Data excerpts:
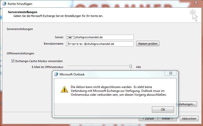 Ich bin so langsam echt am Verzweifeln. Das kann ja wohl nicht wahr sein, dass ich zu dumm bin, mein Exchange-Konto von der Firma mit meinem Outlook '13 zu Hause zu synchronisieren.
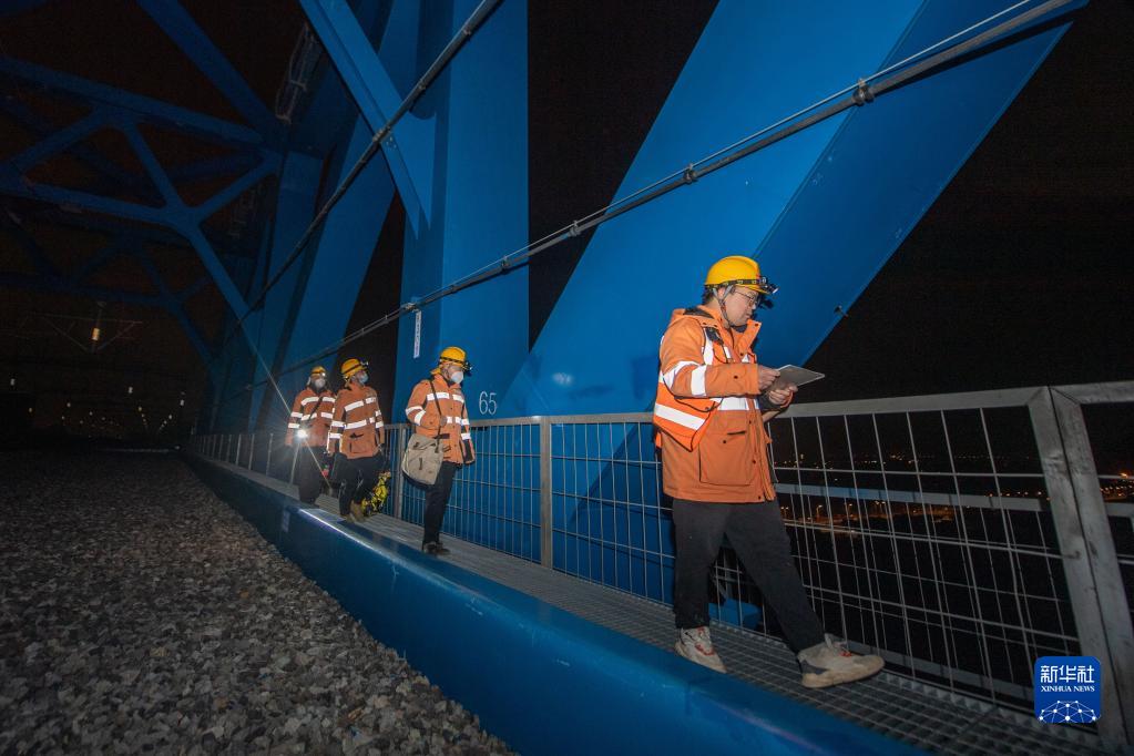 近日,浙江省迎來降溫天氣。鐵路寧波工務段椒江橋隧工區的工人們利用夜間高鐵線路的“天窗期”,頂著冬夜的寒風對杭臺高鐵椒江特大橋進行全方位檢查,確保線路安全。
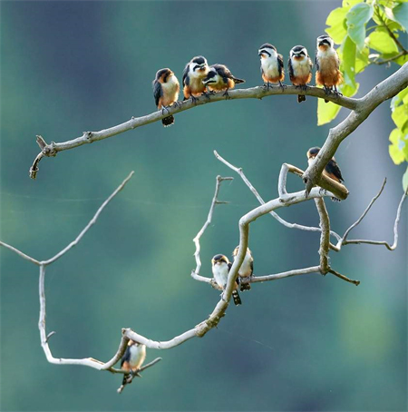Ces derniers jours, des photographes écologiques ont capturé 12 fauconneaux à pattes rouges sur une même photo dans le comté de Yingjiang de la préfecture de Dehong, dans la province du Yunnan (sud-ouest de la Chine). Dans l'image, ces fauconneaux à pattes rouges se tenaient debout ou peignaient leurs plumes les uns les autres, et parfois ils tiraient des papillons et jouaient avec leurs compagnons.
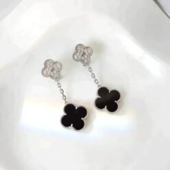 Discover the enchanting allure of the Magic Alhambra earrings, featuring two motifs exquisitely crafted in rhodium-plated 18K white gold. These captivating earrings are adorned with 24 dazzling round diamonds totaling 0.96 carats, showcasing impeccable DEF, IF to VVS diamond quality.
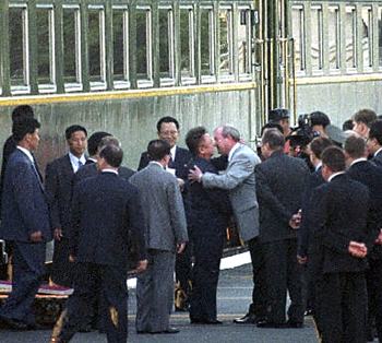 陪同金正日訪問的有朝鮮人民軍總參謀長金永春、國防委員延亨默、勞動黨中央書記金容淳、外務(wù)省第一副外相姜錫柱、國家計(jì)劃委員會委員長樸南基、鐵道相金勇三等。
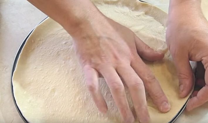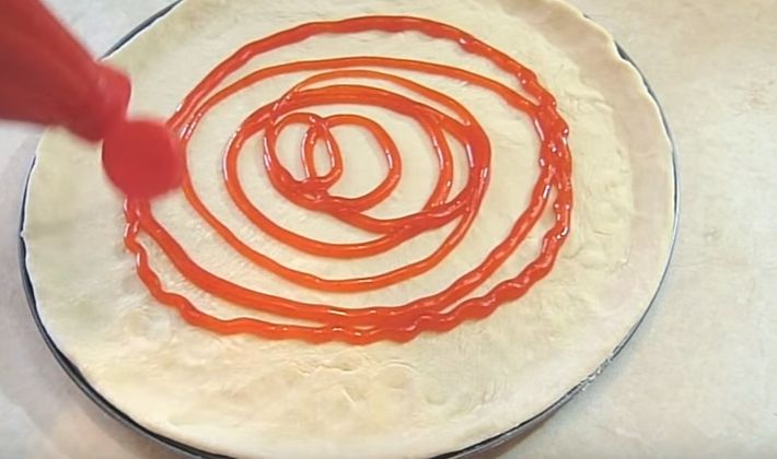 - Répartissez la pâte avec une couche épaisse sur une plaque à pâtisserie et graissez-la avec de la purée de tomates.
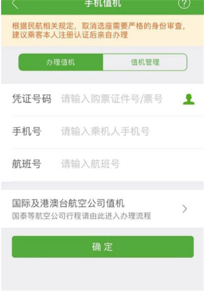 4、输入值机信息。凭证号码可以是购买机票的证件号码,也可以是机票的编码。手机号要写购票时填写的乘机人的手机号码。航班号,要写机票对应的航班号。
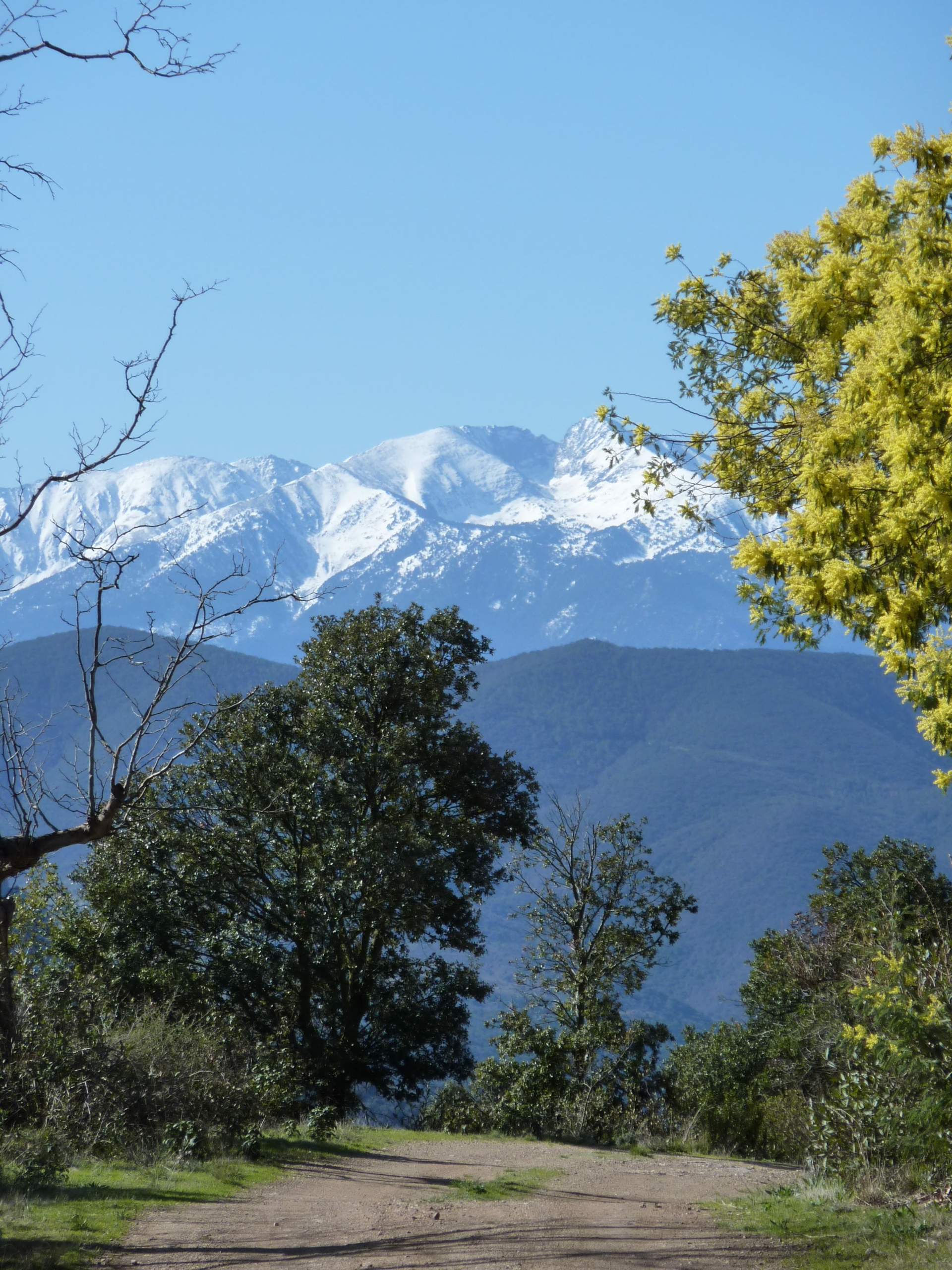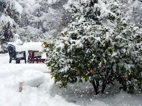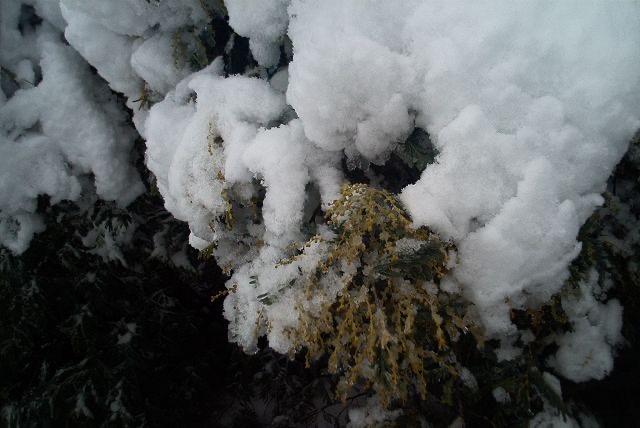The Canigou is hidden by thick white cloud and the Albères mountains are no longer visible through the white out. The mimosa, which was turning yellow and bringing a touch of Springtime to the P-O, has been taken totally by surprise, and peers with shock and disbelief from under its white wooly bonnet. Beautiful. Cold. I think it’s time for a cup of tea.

» **Exercise details**: Please copy the lines above, starting at the one that holds "4、输入值机信息。凭证号码可" and stopping after the last line, exactly as they appear and minus the pictures.

» **Response to this exercise**:
 4、输入值机信息。凭证号码可以是购买机票的证件号码,也可以是机票的编码。手机号要写购票时填写的乘机人的手机号码。航班号,要写机票对应的航班号。
The Canigou is hidden by thick white cloud and the Albères mountains are no longer visible through the white out. The mimosa, which was turning yellow and bringing a touch of Springtime to the P-O, has been taken totally by surprise, and peers with shock and disbelief from under its white wooly bonnet. Beautiful. Cold. I think it’s time for a cup of tea.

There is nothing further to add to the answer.